:: WHAT YOU ARE ASKED TO DO ::
Could you repeat the entries below exactly, but only from the line with "La base unique" through the line with "Женское леопардовое бикини", and without any picture?

** Opening INPUT DATA block **

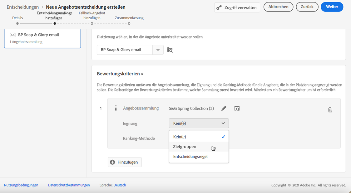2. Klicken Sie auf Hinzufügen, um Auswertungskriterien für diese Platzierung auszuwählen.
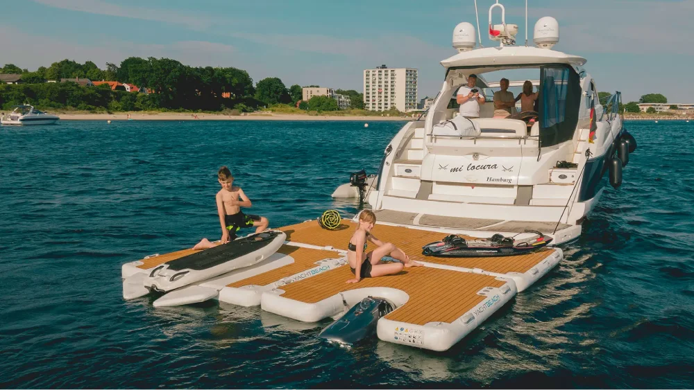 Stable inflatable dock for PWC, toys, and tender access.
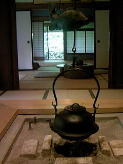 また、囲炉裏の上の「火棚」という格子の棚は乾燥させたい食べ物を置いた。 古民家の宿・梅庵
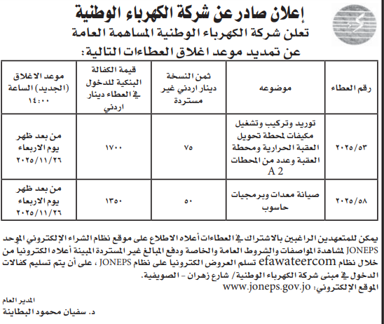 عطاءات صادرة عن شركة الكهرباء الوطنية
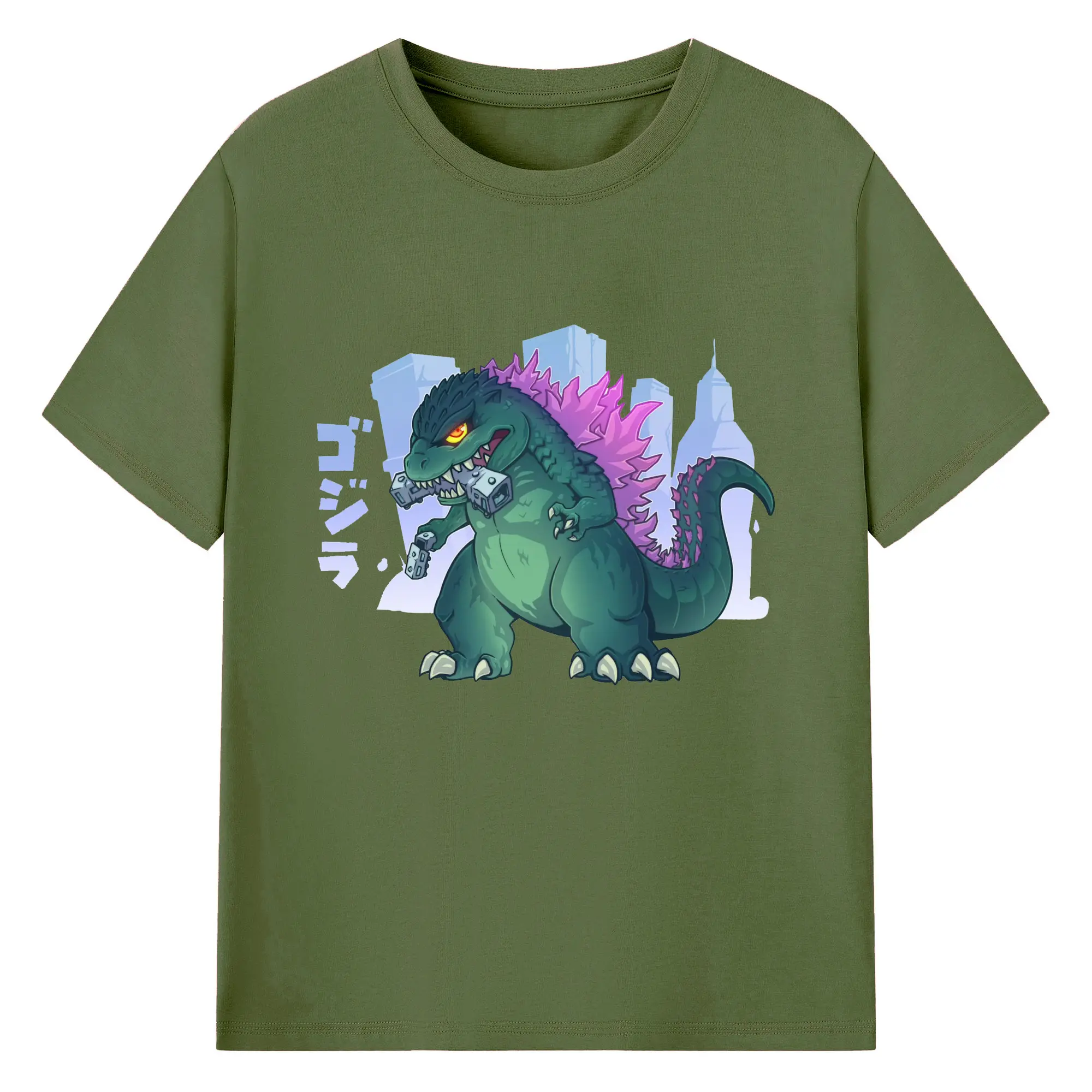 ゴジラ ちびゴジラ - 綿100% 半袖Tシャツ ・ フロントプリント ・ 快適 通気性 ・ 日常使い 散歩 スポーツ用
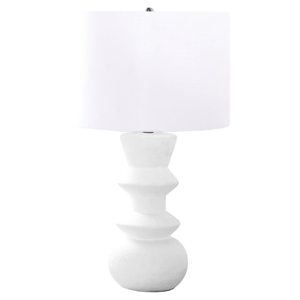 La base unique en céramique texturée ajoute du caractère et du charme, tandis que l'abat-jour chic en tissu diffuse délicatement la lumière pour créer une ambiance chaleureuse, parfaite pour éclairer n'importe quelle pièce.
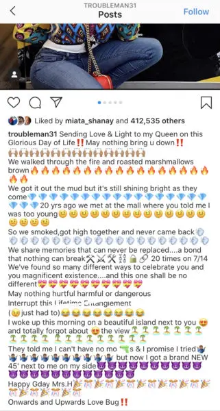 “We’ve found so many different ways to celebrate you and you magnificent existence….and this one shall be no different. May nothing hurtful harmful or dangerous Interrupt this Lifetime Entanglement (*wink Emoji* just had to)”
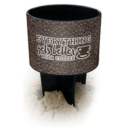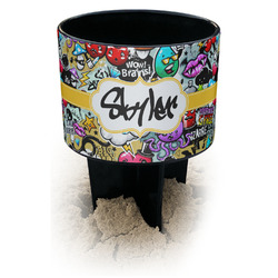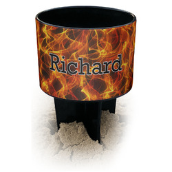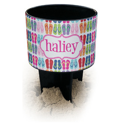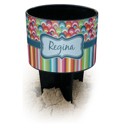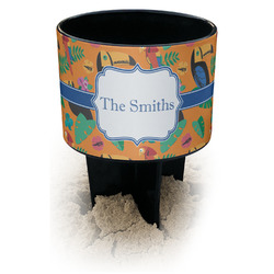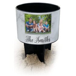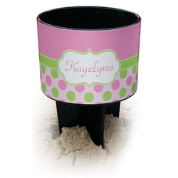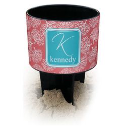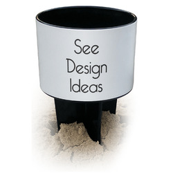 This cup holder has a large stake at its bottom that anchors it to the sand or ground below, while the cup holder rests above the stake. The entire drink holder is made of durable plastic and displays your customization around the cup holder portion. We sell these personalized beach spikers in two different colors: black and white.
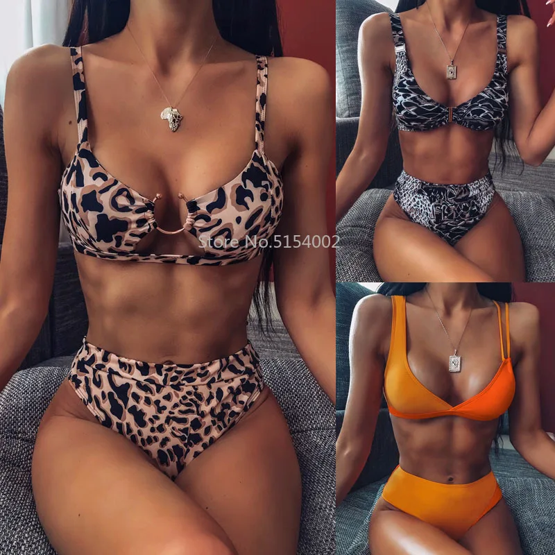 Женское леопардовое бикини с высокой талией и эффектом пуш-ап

** Closing INPUT DATA block **
** Opening INPUT DATA block **

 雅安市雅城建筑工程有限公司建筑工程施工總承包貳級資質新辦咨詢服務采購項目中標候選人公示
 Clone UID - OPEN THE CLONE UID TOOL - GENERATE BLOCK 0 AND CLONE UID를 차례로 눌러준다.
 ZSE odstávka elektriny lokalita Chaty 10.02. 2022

** Closing INPUT DATA block **
** Opening INPUT DATA block **

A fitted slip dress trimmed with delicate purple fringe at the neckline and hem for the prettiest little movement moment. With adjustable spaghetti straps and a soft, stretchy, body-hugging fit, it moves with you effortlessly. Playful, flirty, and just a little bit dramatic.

** Closing INPUT DATA block **

:: EXERCISE RESPONSE ::
 La base unique en céramique texturée ajoute du caractère et du charme, tandis que l'abat-jour chic en tissu diffuse délicatement la lumière pour créer une ambiance chaleureuse, parfaite pour éclairer n'importe quelle pièce.
 “We’ve found so many different ways to celebrate you and you magnificent existence….and this one shall be no different. May nothing hurtful harmful or dangerous Interrupt this Lifetime Entanglement (*wink Emoji* just had to)”
 This cup holder has a large stake at its bottom that anchors it to the sand or ground below, while the cup holder rests above the stake. The entire drink holder is made of durable plastic and displays your customization around the cup holder portion. We sell these personalized beach spikers in two different colors: black and white.
 Женское леопардовое бикини с высокой талией и эффектом пуш-ап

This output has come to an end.